En el 2003 el mismo grupo compró el Banco Santa Fe y en el 2006 adquiere el Banco Entre Ríos. Nacusi también pertenece al directorio de esos bancos, “somos los mismos accionistas de todos los bancos junto con la Provincia, en el mismo porcentaje en todos”, señaló.

“¿Por qué me metí en el banco? Porque los bancos son fundamentales para el desarrollo de una provincia, de una región. El banco, cuando cumple su finalidad, es fundamental para que los empresarios se puedan desenvolver, para que el empleado y el particular puedan adquirir cosas para vivir mejor. Yo dije: me voy a meter porque es necesario”, confesó.

A Nacusi le costó asumir ese compromiso, sobre todo porque tuvo que aprender mucho de la actividad bancaria. En San Juan está en el banco desde las 12 hasta las 15, donde atiende  a empresarios con distinta problemática; y al menos 4 días al mes tiene que viajar a las  provincias donde están los otros bancos del grupo para asistir a reuniones. “Al principio me pesaba mucho porque no entendía bien, pero después lo empecé a comprender y es otro mundo. Incluso aprendí varias cosas que pude aplicar en la constructora”, aseguró.

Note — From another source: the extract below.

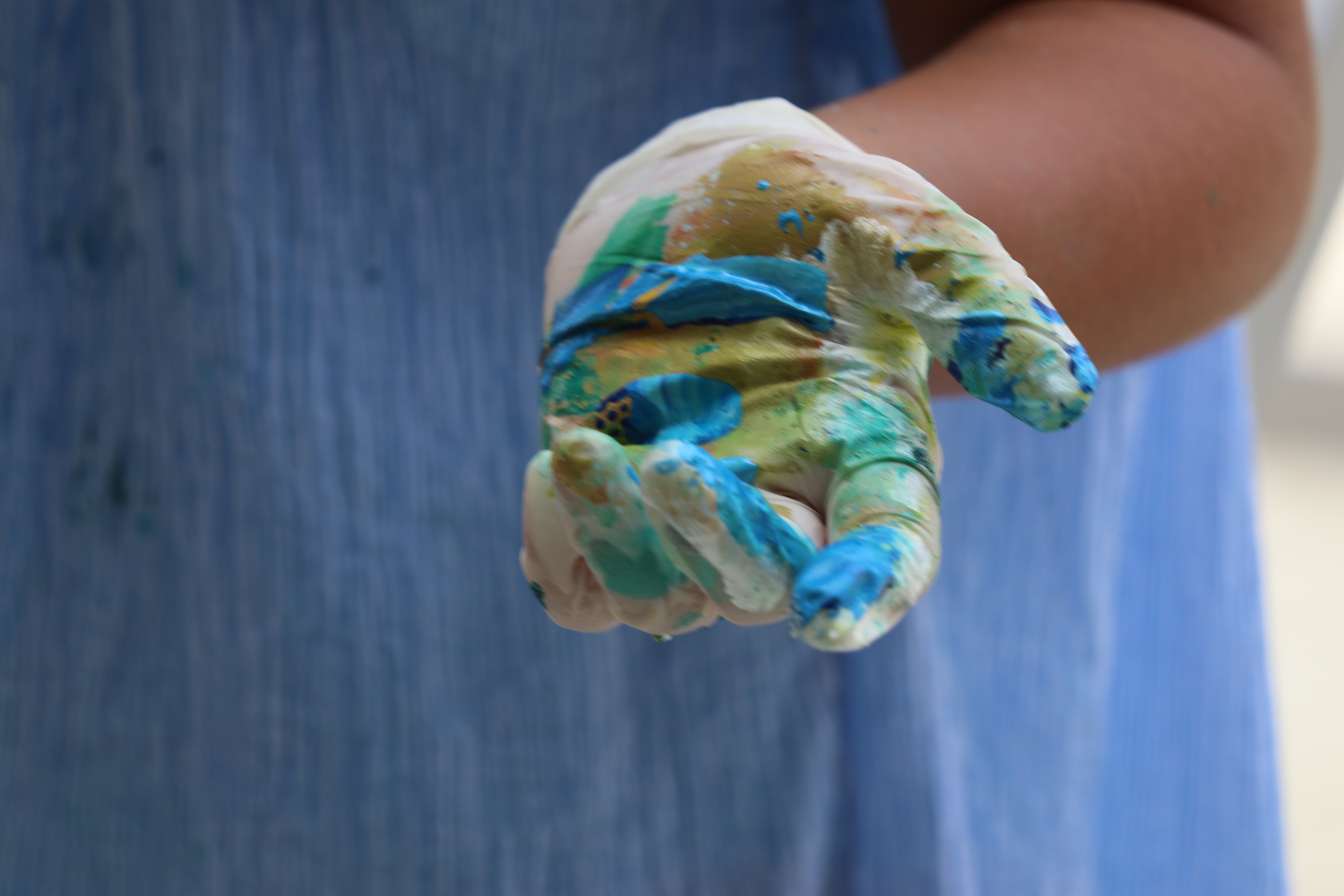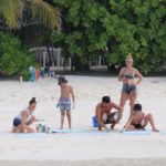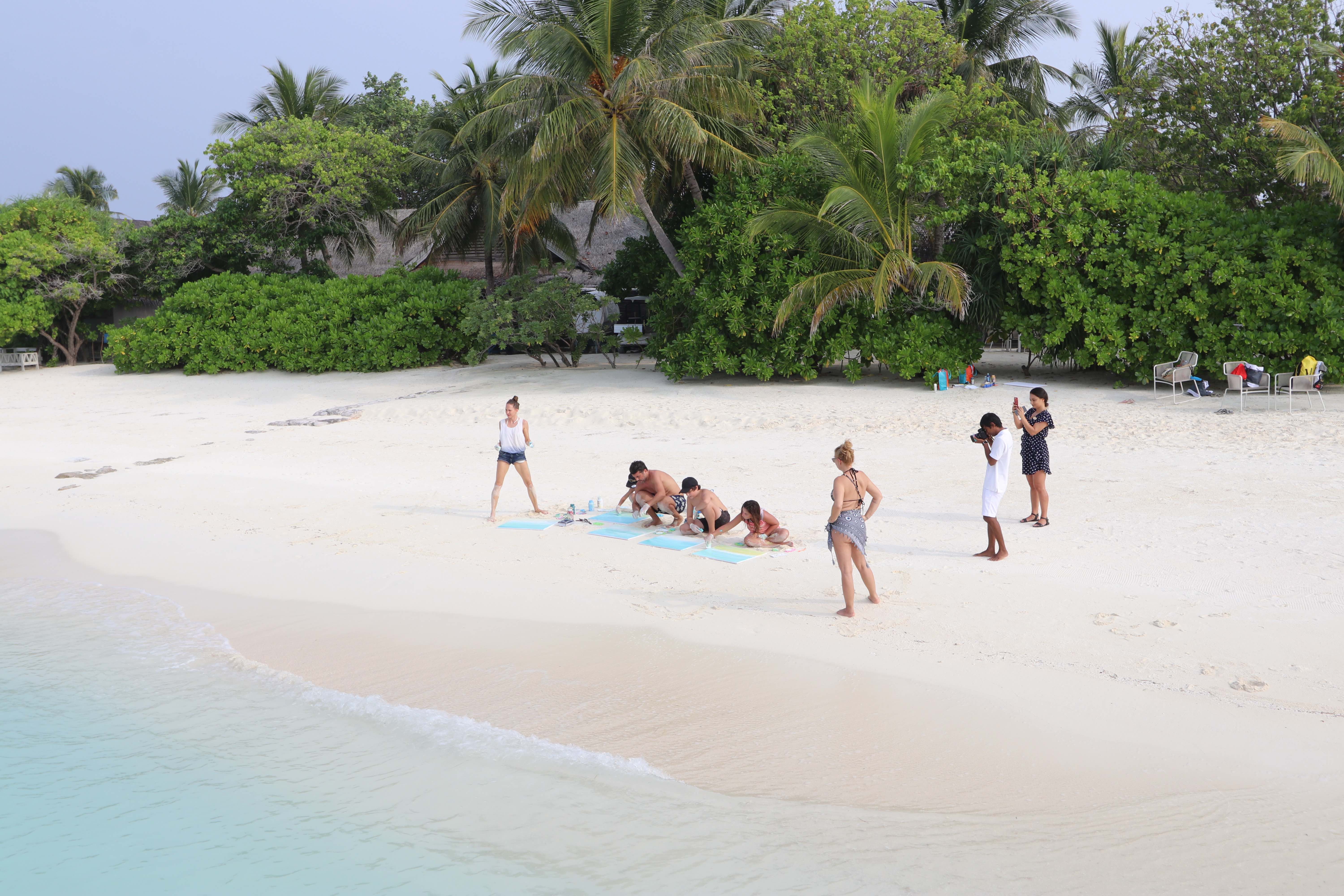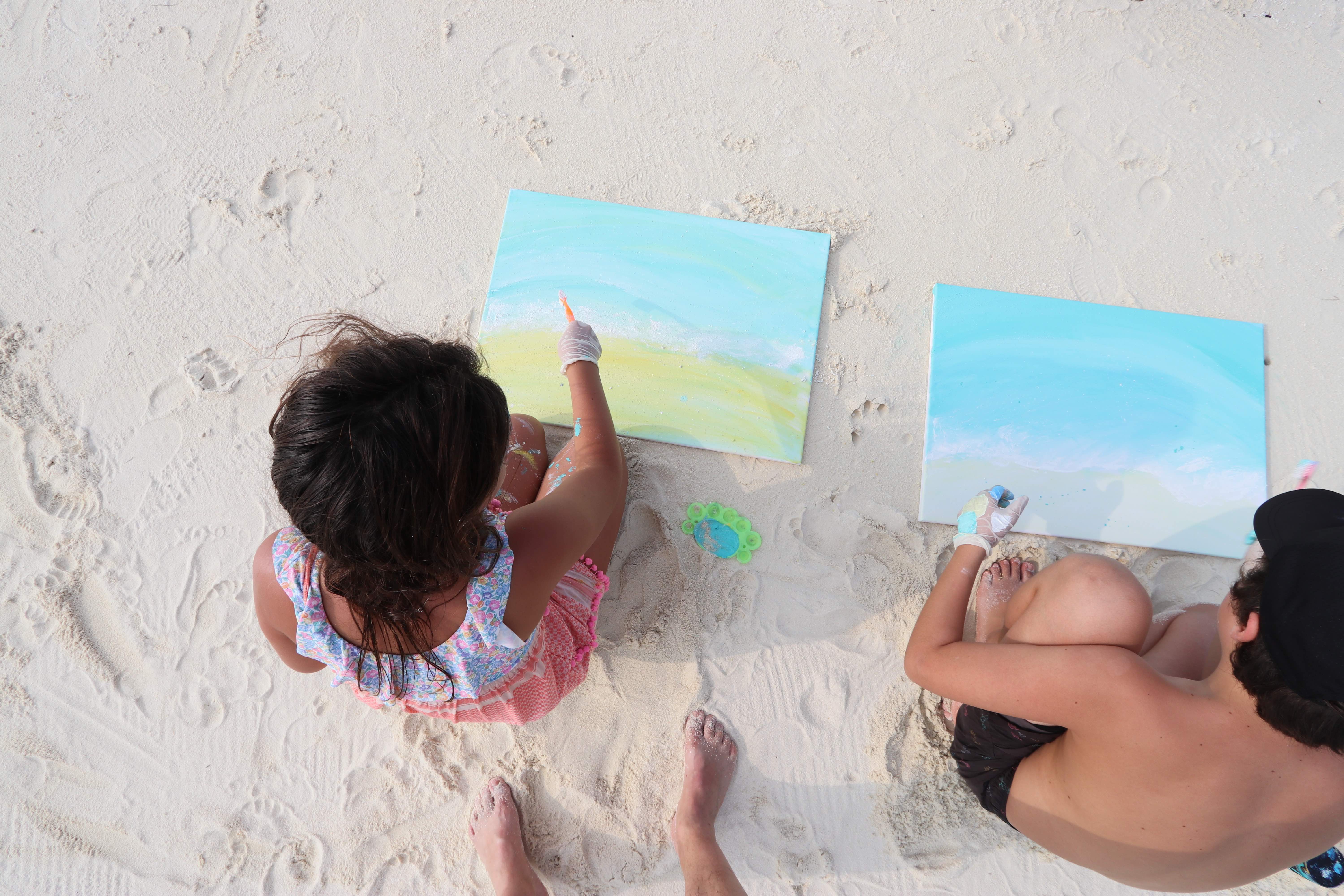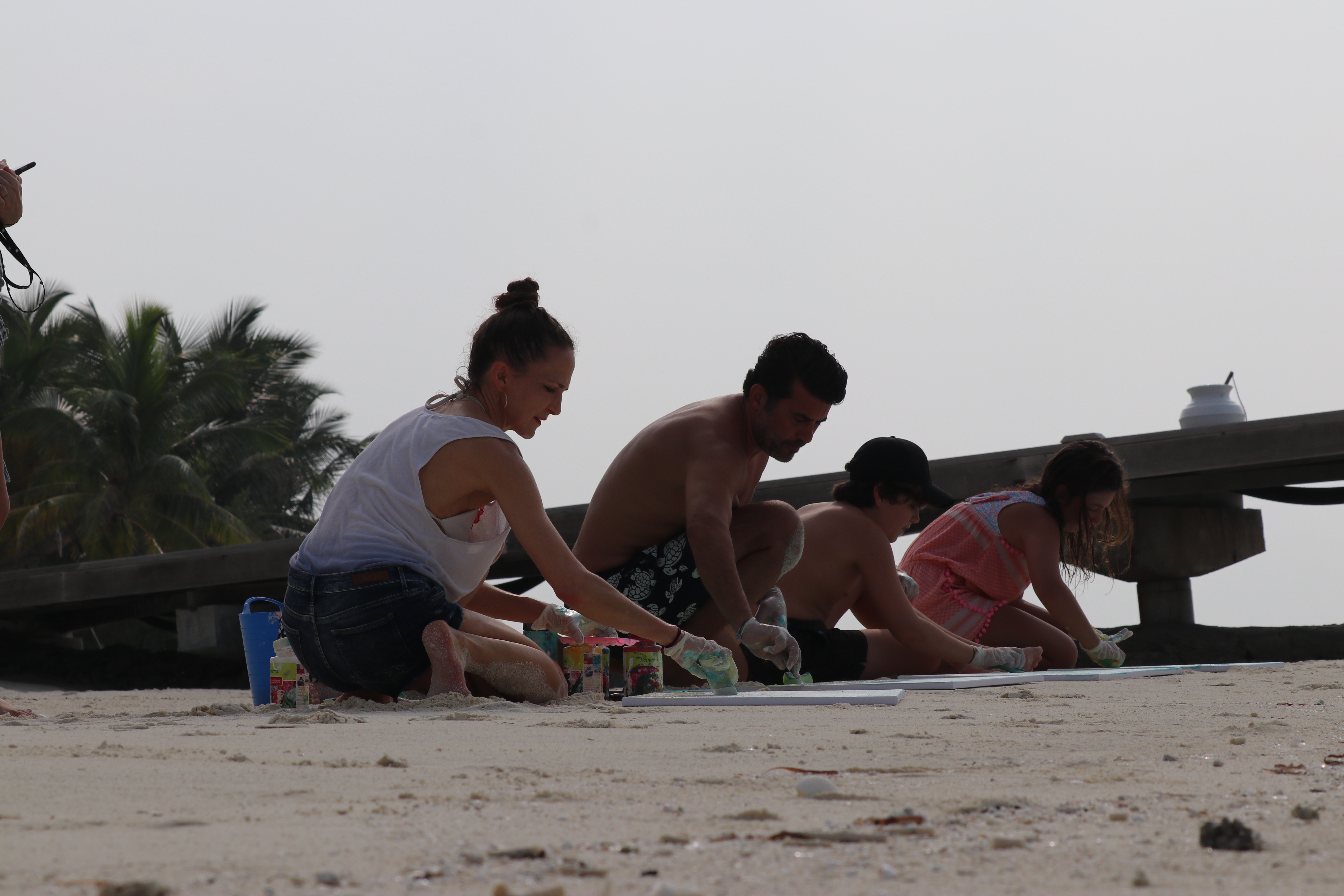 Meine Kunstkurse mitten im indischen Ozean, barfuß im Sand. Alle Künstler lernen meine Technik, mit den Händen zu malen und nehmen ihr eigenes Stück Malediven mit nach Hause

-Pero además fue un buen negocio ¿no?
-El primer retiro de rentabilidad que hicimos los accionistas fue en el 2008, o sea que recién a los 12 años por primera vez hicimos un retiro, porque antes todo el dinero se usaba para hacer crecer el banco.

Se  invirtió todo en modernizarlo,  se crearon más del doble de sucursales, en Mendoza, La Rioja, Córdoba, San Luis; se capacitó a todos los empleados.
También destacó que antes de la privatización casi no había mujeres en el banco y ahora son más mujeres que hombres, empezando por la Gente General, Silvina Bellantig, “una chica muy capaz”, dijo.

Un gran porcentaje de utilidades de los bancos se desvían a las Fundaciones y la gente que trabaja en ellas no cobra. “Mi señora trabaja hace 10 años y nunca cobró un peso”, agregó Nacusi.

Luego exageró un poco: “para ser accionista y director del banco, el Central me pide hasta los análisis de sangre de mi abuela”.